Машину ведет сотрудник «Цели». Сам Грибанов на переднем сиденье. Добрый, вежливый, изысканный.

— Устал я. Надоело все, — говорит он и молчит до самого аэропорта.

Рейс наш в одиннадцать ноль пять. Есть время пошататься по залу, почитать газеты. Людей совсем немного. Я вспоминаю Домодедово прежнее, набитое гражданами, когда рейс-другой задержится, а в буфетах пиво «Жигулевское» и прочая отрада. Не думал, что придется еще раз летать, тем более так далеко. Я уже не стараюсь запоминать свою новую фамилию. Имя и отчество Грибанов оставил прежние. Для удобства. Наконец начинается регистрация. Я замечаю, что сотрудники «Цели», сопровождавшие нас в последней поездке, тоже собираются лететь. Они сами по себе, не разговаривают, стоят в разных частях зала, всего их четверо. Вот они и пошли на регистрацию. Значит, серьезное дело задумал Грибанов.

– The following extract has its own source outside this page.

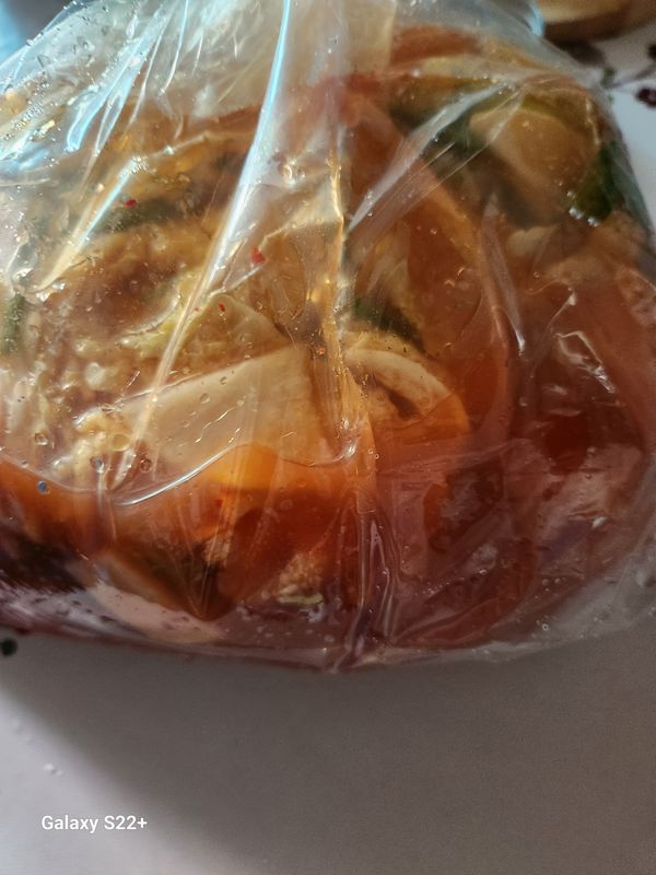 스티로폴 상자안에 국물이 조금 새어 나왔어요. 김치 국물 첫맛이 좀 매콤해서 걱정했는데 냉장고에 하루 뒀다가 먹으니 매운맛이 사라져서 먹기 좋은 상태가 됬습니다.

Лететь нам шесть часов чистого времени, с двумя посадками — в Екатеринбурге и Новосибирске. Всего, стало быть, часов восемь. Я сижу у окна, справа Струев, а у прохода Грибанов. Его команда разбрелась по салону. Мы взлетаем, и я сразу засыпаю.

В Иркутске поздний вечер. Мы ступаем на бетон, идем в здание аэропорта, команда Грибанова получает свои большие сумки.

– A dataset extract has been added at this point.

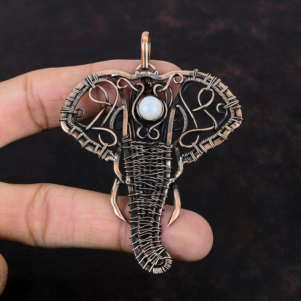 Rainbow Moonstone Pendant Copper Wire Wrapped Jewelry Elephant Pendant Handmade Copper Pendant Gemstone Pendant Engagement Gift Wire Pendant
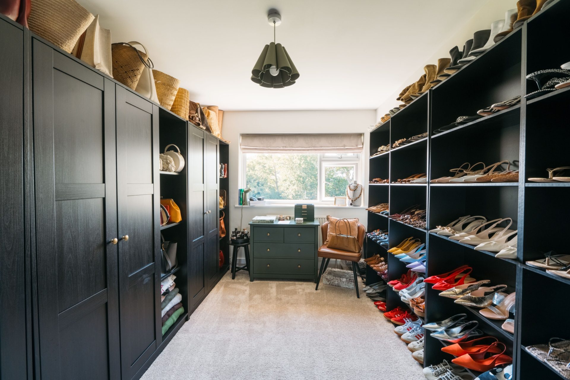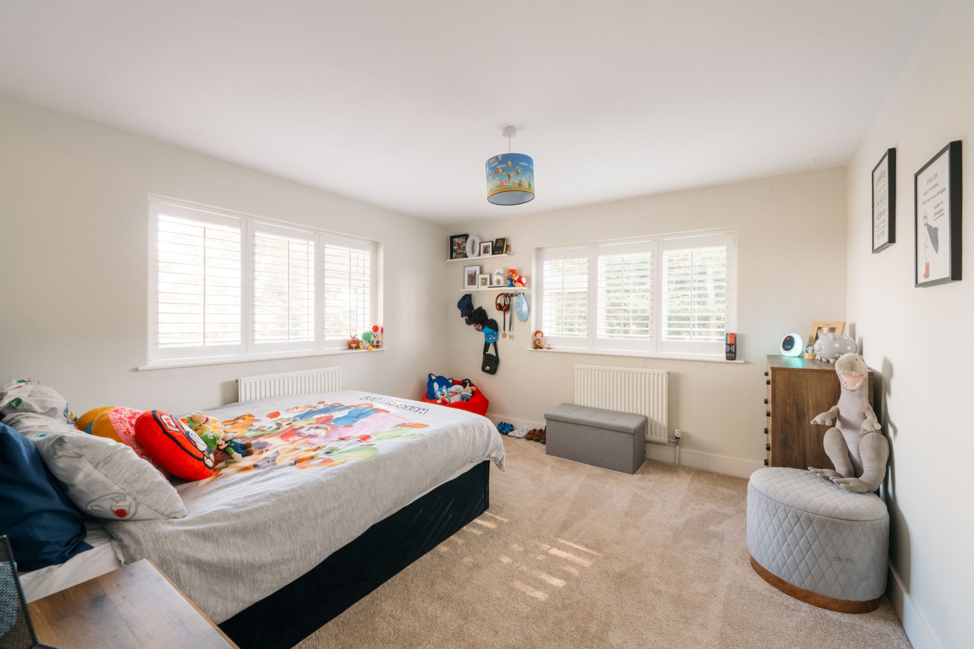 Additional bedrooms are equally well-sized, enjoying plenty of natural light and served by a contemporary family bathroom finished with sleek tiling and quality fittings. One room has been transformed into a luxurious dressing room, providing floor-to-ceiling storage and a boutique feel, while others are arranged as children’s bedrooms and guest accommodation.

Опять обыкновенный дом, вдалеке от центра. Улица Декабристов. И все. В город мы не выходим. Сидим со Струевым в какой-то комнате, смотрим телевизор. Читаем местные газеты. Я сразу же нахожу статьи про недвижимость. То же самое. Наше агентство — одно из старейших на рынке, законодательная вилка, долевое строительство, цены на сто тридцать седьмую серию. Вся страна или покупает недвижимость, или продает. Потом долго читаю исторический очерк про ужасы ГУЛАГа, причем мне совершенно никаких узников не жалко. Мне жалко себя, Струева и Грибанова. Сидел себе и ловил уклейку. Вдруг стоп-стук, «Юрвитан». А вот и нет. Когда пошли информацией по Амбарцумову, когда посыпались трупы, а что когда? Он тут же объявил в своем АОЗТе военное положение, понаставил «жучков», прокрутил ситуацию. Вот только нас со Струевым не ждал. Мы ему — как дорогой подарок.

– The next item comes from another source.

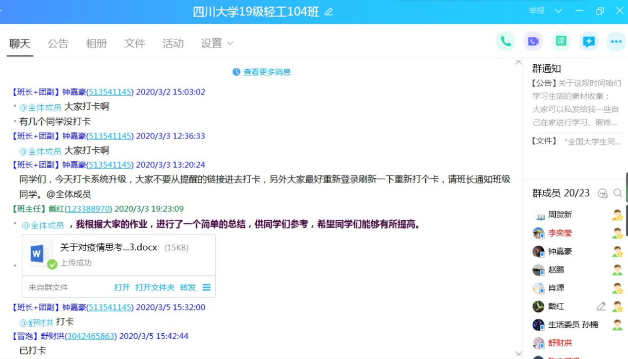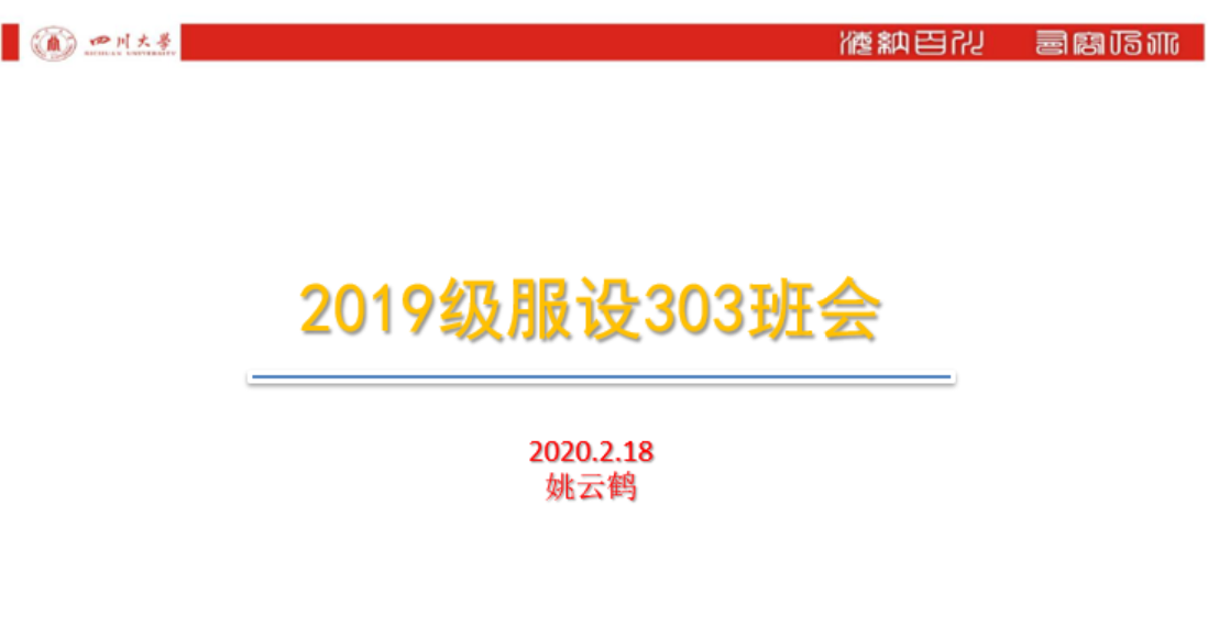 2020年2月18日,姚老师决定在腾讯会议平台召开线上班会,一方面提醒大家继续做好防护,准备好开学后的线上学习,另一方面也在盼着他们都平平安安、健健康康地回来。此刻,姚老师最想给学生说的话:孩儿们,川大见!

А что он с нами возится? Устраивает показательные казни, произносит длинные монологи, теперь привез в Сибирь. Здесь, что ли, революционер? В каком-нибудь скромном доме на улице Ленина?

Наконец появляется Грибанов. Он сияет.

— Все в наилучшем виде. Мероприятие состоится.

— Что, едем устранять кого-нибудь?

— Пока нет. Он сам к нам приедет. Тогда и устраним…

— Нам бы в город выйти. Суточные зачем выдали?

— А именно это мы сейчас и сделаем. Пошли.

Мы долго шатаемся по улочкам, обедаем в ресторане, причем Грибанов разрешает выпить по сто граммов.

— В боевой обстановке единовременно более непозволительно, — объясняет он витиевато.

Грибанов. Одно слово. Мир повидал. Посидел в бункерах. А может, и во дворцах. Теперь вот на старости лет развлекается. То ли переворот готовит, то ли побег.

— Смотрите, какая приятная гостиница… Вид из окон какой. Фонтаны. Тут вот они и будут жить, — объявил Грибанов.

— Кто?

— Делегация. Пойдемте посмотрим, как там и что… В холле дежурному Грибанов называет себя, приходит самый главный администратор, старший администратор, директор, мы идем осматривать банкетный зал, пресс-центр.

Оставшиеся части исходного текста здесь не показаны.